The final draft revision of part 18 of the ISO 10993 series, now titled “Chemical Characterization of Medical Device Materials within a Risk Management Process,” is available for purchase from several websites. This new title signals significant changes from the previous version, reflecting a more integrated approach to chemical characterization within the broader context of risk management for medical devices.
This webinar will highlight the main changes introduced in the revised ISO 10993-18, emphasizing the incorporation of an Analytical Evaluation Threshold (AET). The AET is a crucial concept that aids in the accurate identification and quantification of compounds, which is essential for subsequent toxicological assessments. Understanding how to determine and apply the AET is vital for ensuring the safety and compliance of medical devices.
One of the critical aspects covered in the webinar is when to perform an Extractables study, how to design it, and how it differs from a Leachables study. Extractables studies are essential for identifying potential leachable compounds under exaggerated conditions, while Leachables studies focus on compounds that actually migrate into the product under normal conditions. Distinguishing between these two types of studies and knowing when to implement each is crucial for effective risk management.
By the end of the webinar, participants will have a comprehensive understanding of several key points.

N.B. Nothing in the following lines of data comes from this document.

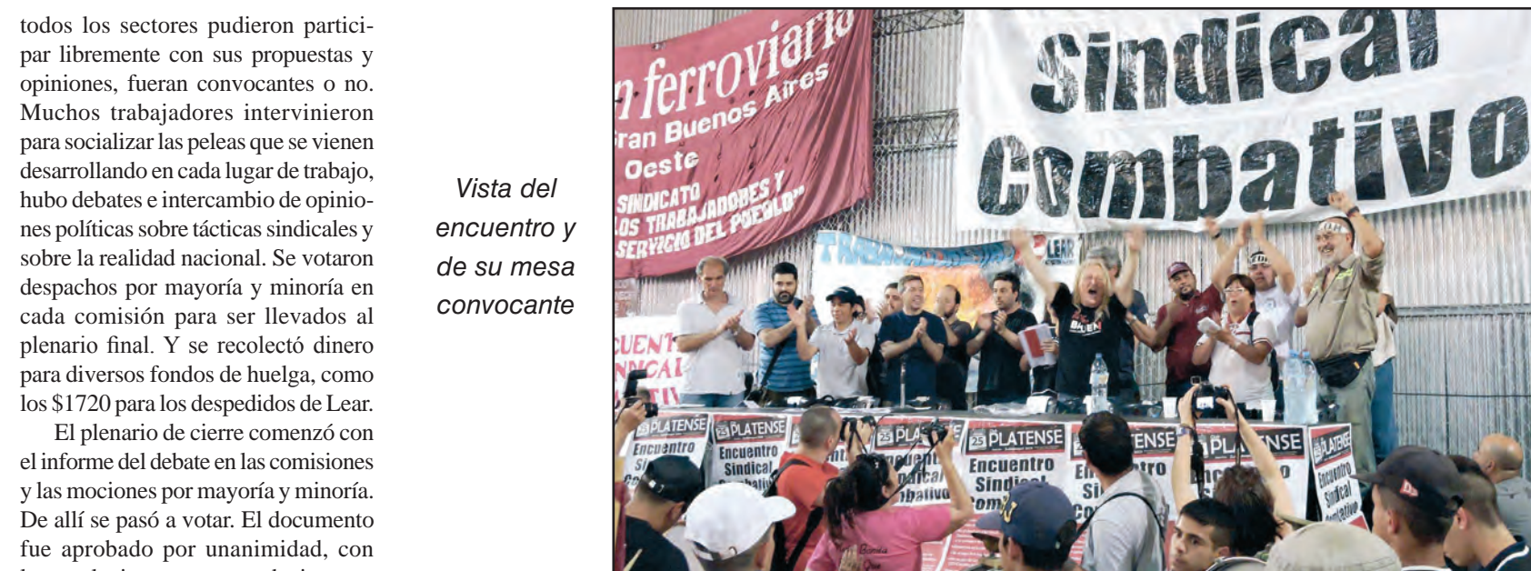
Vista del encuentro y de su mesa convocante

todos los sectores pudieron participar libremente con sus propuestas y opiniones, fueran convocantes o no. Muchos trabajadores intervinieron para socializar las peleas que se vienen desarrollando en cada lugar de trabajo, hubo debates e intercambio de opiniones políticas sobre tácticas sindicales y sobre la realidad nacional. Se votaron despachos por mayoría y minoría en cada comisión para ser llevados al plenario final. Y se recolectó dinero para diversos fondos de huelga, como los $1720 para los despedidos de Lear.
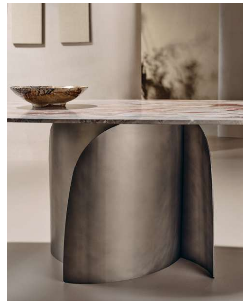
Bloom Tavolo con top in marmo Rosso Orobico e base in metallo titanio luxor.
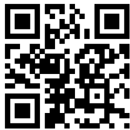
微信（百度地图）扫码
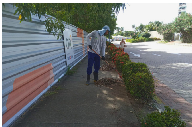
Varrição - Rua Vitória Régia
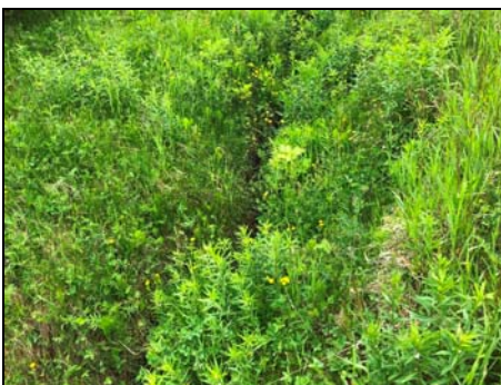
Site traversée projeté
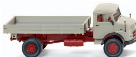
0895 04 Pritschenkipper (MB LAK 710) UVP 13,99 €

They will learn when and how to set up Extractables and Leachables studies as part of an overall risk management strategy. The webinar will also clarify the differences between screening and targeted analytical techniques, which are fundamental for accurate chemical characterization.
Participants will gain insights into why and how to calculate an Analytical Evaluation Threshold, a critical step for determining the relevance of detected compounds. Additionally, the importance of reliable compound identification and quantification will be emphasized, highlighting the need for precise analytical methods and thorough documentation.
This webinar aims to equip attendees with the knowledge necessary to navigate the changes in the revised ISO 10993-18. By understanding these new requirements and methodologies, participants will be better prepared to ensure the safety and regulatory compliance of their medical devices through effective chemical characterization and risk management practices.